Por: Angélica María Pardo López

Dentro de la infinita cascada de decisiones que se toman a partir del cálculo económico están también la viabilidad y el futuro de las próximas generaciones de seres humanos y otras especies. No hay ética ni razón que valgan, solo parecen importar los números que hablan de crecimiento, utilidades y costo-beneficio. 

En el supuesto de que el peso no se depreciara, ¿qué preferiría usted, que le regalen un millón de pesos hoy o que se lo regalen dentro de 10 años? Si su respuesta es que lo prefiere hoy, está usted descontando el valor futuro, es decir, está pensando que vale más la pena tomar el dinero hoy porque, por ejemplo, lo puede poner a rentar; o porque es optimista y piensa que sus actuales circunstancias seguirán siendo las mismas o mejores algunos años después. Así mismo, puede que sea usted muy pesimista y que considere que podría morir mañana, en consecuencia de lo cual prefiere tomar la plata hoy. Por el contrario, si usted prefiere diferir la ganancia, es probable que piense que el futuro es incierto y que es mejor asegurar un ingreso en caso de que vengan épocas menos favorables.  

Esta pregunta no ofrece mayor dificultad a nivel individual, pues cada uno puede evaluar, de acuerdo con sus propias circunstancias y perspectivas, si prefiere tomar el dinero hoy o aplazar la ganancia. Sin embargo, semejantes consideraciones no se pueden extrapolar a contextos intergeneracionales, que es lo que hacen los economistas cuando tratan el tema de las medidas que hoy deberíamos tomar de cara a la crisis climática que hemos provocado y cuyas más catastróficas consecuencias sufrirán las siguientes generaciones. Descontar el valor futuro no es una posibilidad en el contexto de la sostenibilidad.

Dado que la crisis climática tiene su origen en el extractivismo, en el despilfarro de recursos naturales y en la acumulación de gases de efecto invernadero proveniente del uso de los combustibles fósiles que necesitamos para todas nuestras actividades económicas, la dicotomía es la siguiente: ¿deberíamos tener modos de vida más modestos y desacelerar la economía en beneficio de las generaciones futuras? O ¿elegiremos descontar el futuro y no hacer un ‘sacrificio’ presente bajo el ingenuo supuesto de que la posteridad sabrá arreglárselas? Con ejemplos más concretos, ¿debemos elegir obtener grandes ganancias hoy de la explotación minera (que genera un gran perjuicio en los recursos hídricos) a costo de que las próximas generaciones no tengan fuentes de agua fresca? O ¿debemos renunciar a las ganancias mineras de hoy para que nuestros hijos, el día de mañana, puedan disponer del más valioso de los recursos, el agua? ¿Elegiremos continuar beneficiándonos de actividades como la ganadería extensiva a costa de que los pobladores del mañana no puedan ni siquiera soñar con las selvas y bosques que hoy estamos dejando perder?

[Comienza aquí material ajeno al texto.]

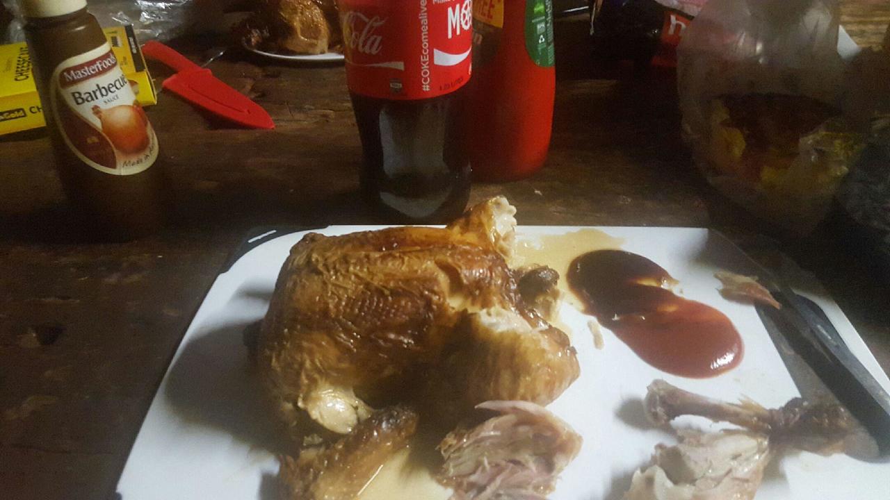 Hähnchen, Käsekuchen und Cola!! Deutlich besser als der Dosenfraß!!:))
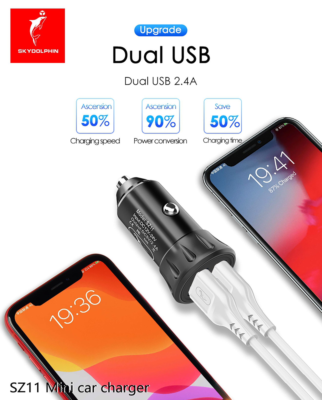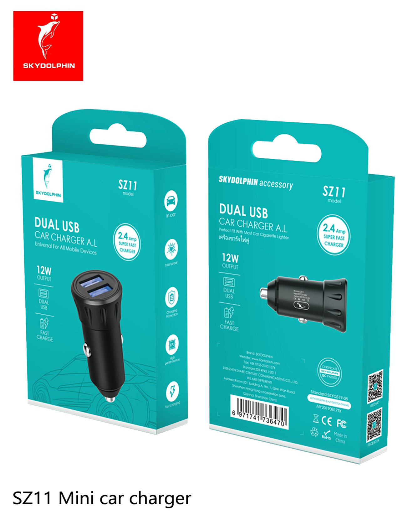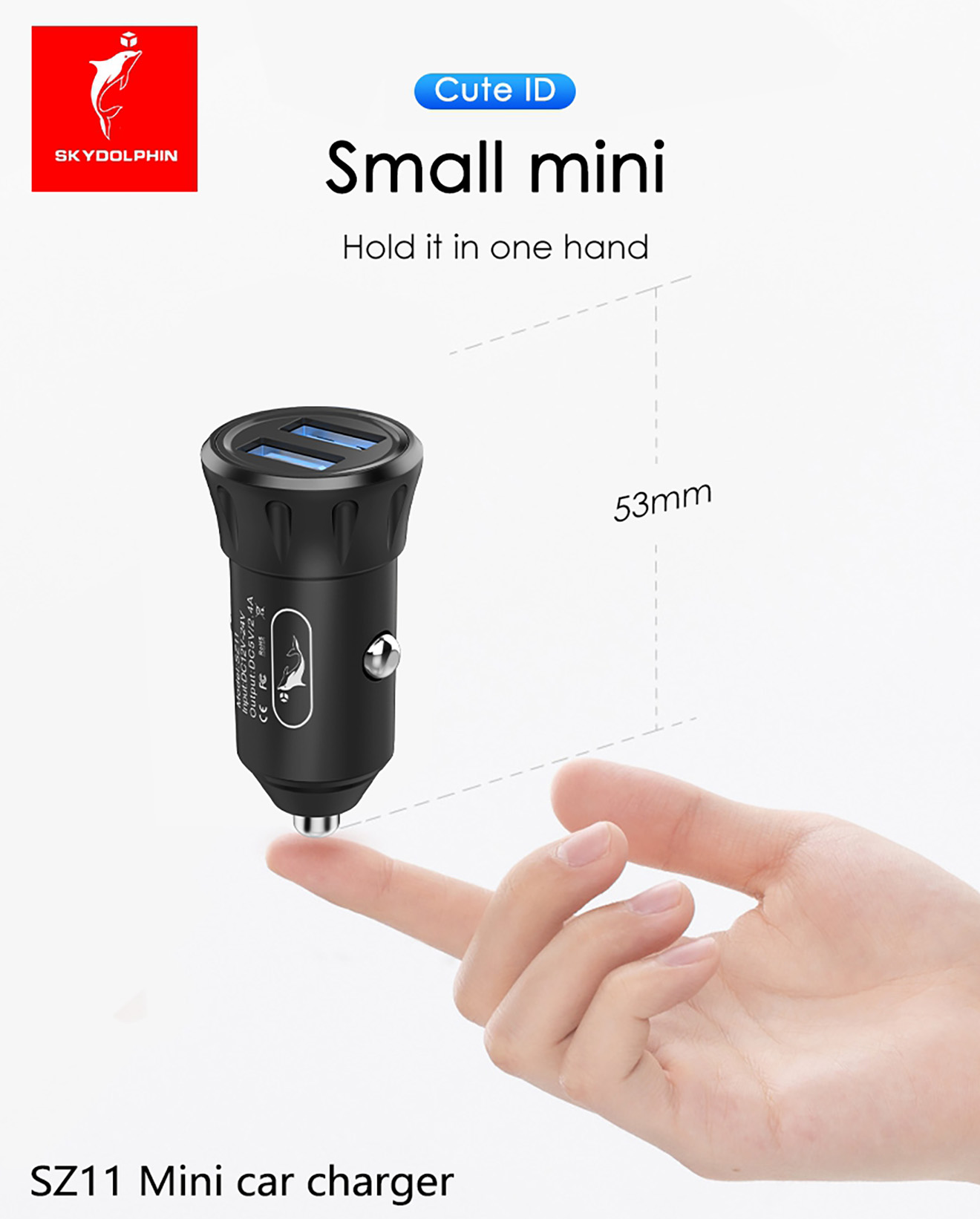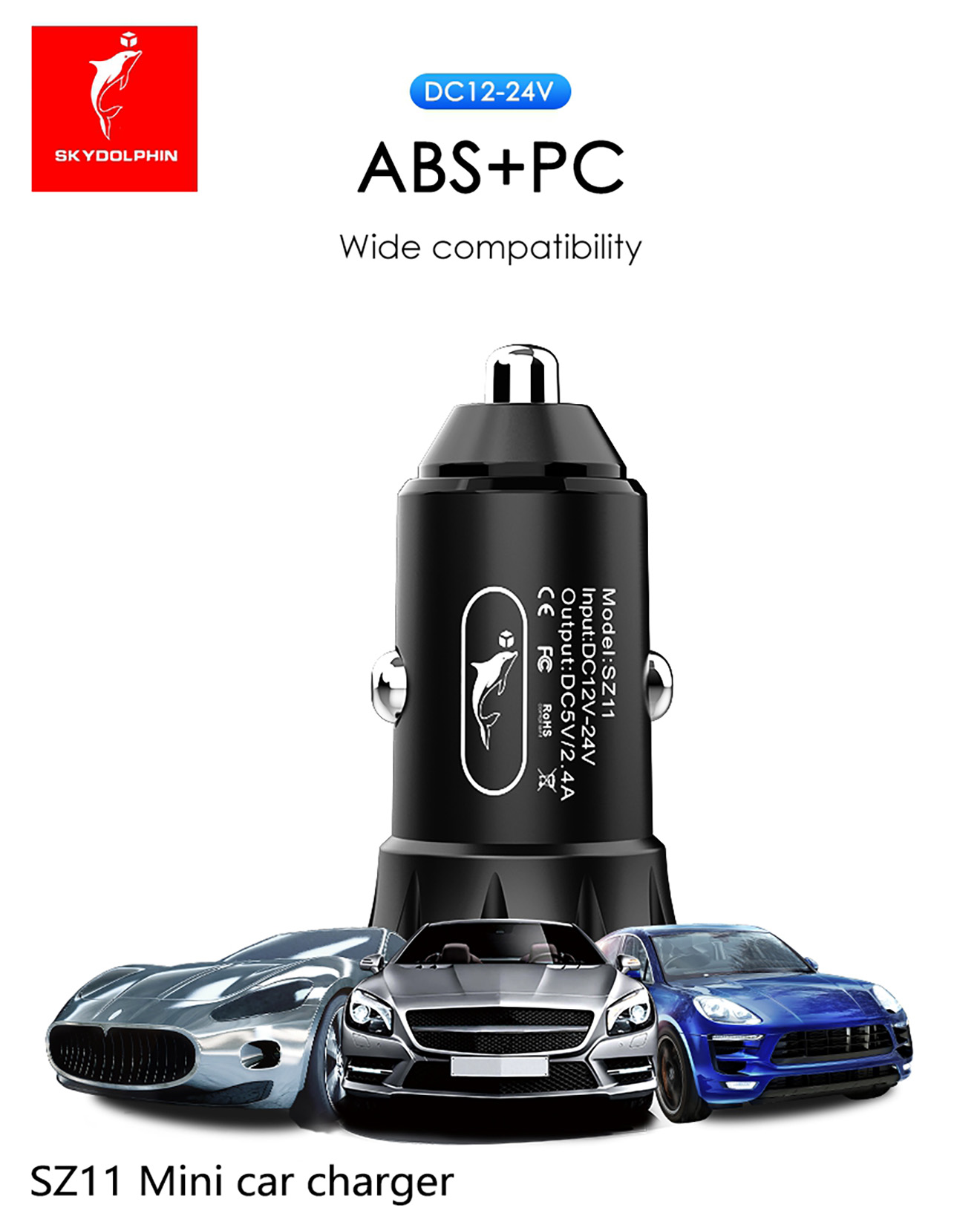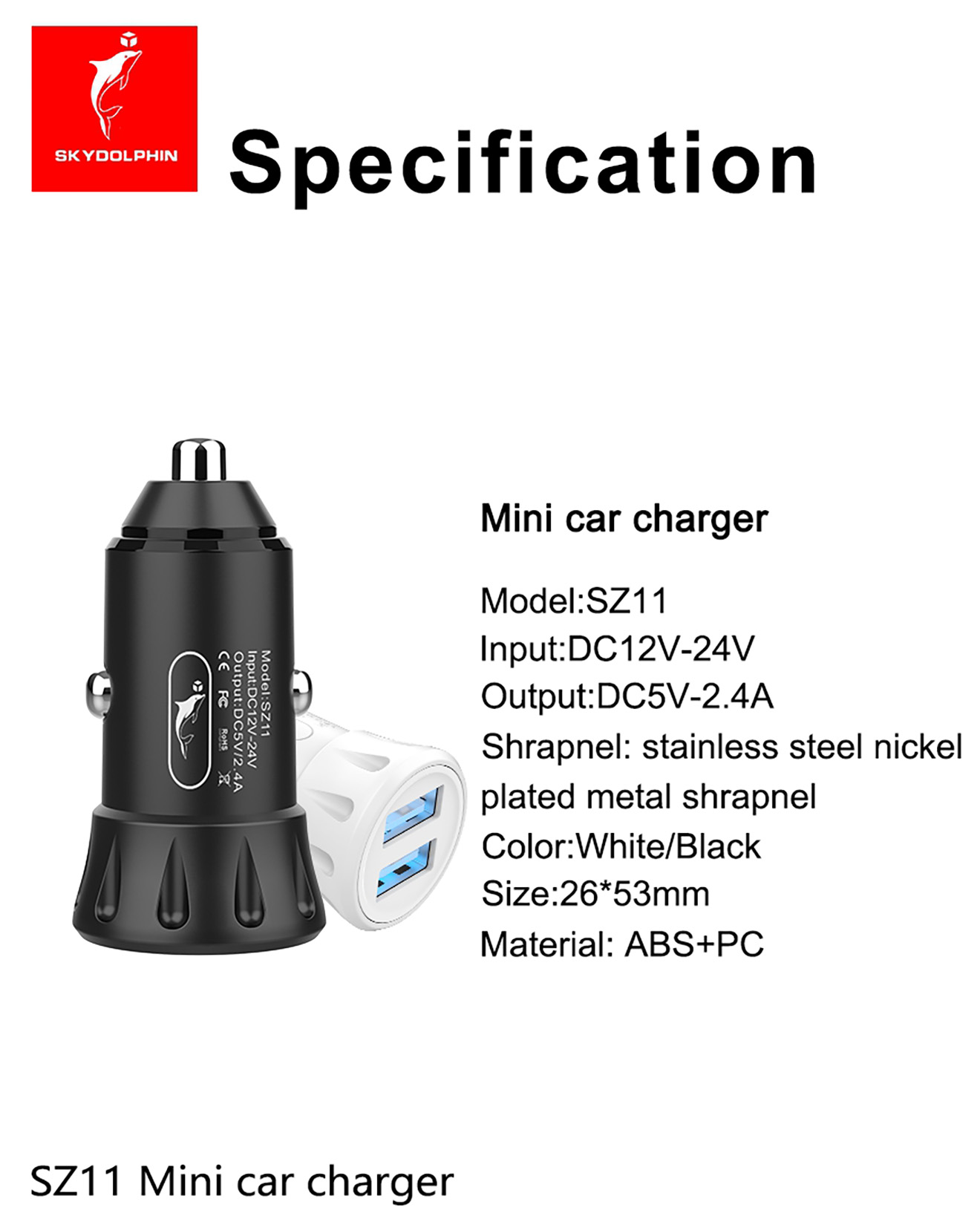 1. Material: PC + ABS 2. Input: DC12-24V 3. Output: 5V/2.4A(12W),Dual USB output 4. Multiple circuit protection 5. Length * Diameter: 26*53mm ,weight: 15g 6. Overcurrent and overvoltage protections for the circuit;

La respuesta a todas estas preguntas, que en el fondo es la misma, no tiene que ver con cálculos económicos sino con una consciencia que trasciende la consideraciones egoístas de la utilidad y el sacrificio. Aunque muramos pronto o decidamos no tener hijos, hay un mandato de solidaridad con la especie humana y con las demás especies que nos exige responsabilizarnos del mundo que recibimos, y que debemos entregar a nuestros sucesores, sino en mejor condición, al menos en la misma que nos fue dado. El ejercicio de esta solidaridad nos dignifica, mientras que un proceder egoísta nos envilece. La respuesta es clara: uno no puede tener el privilegio de escoger hoy lo que significará, para otros, el desastre del mañana.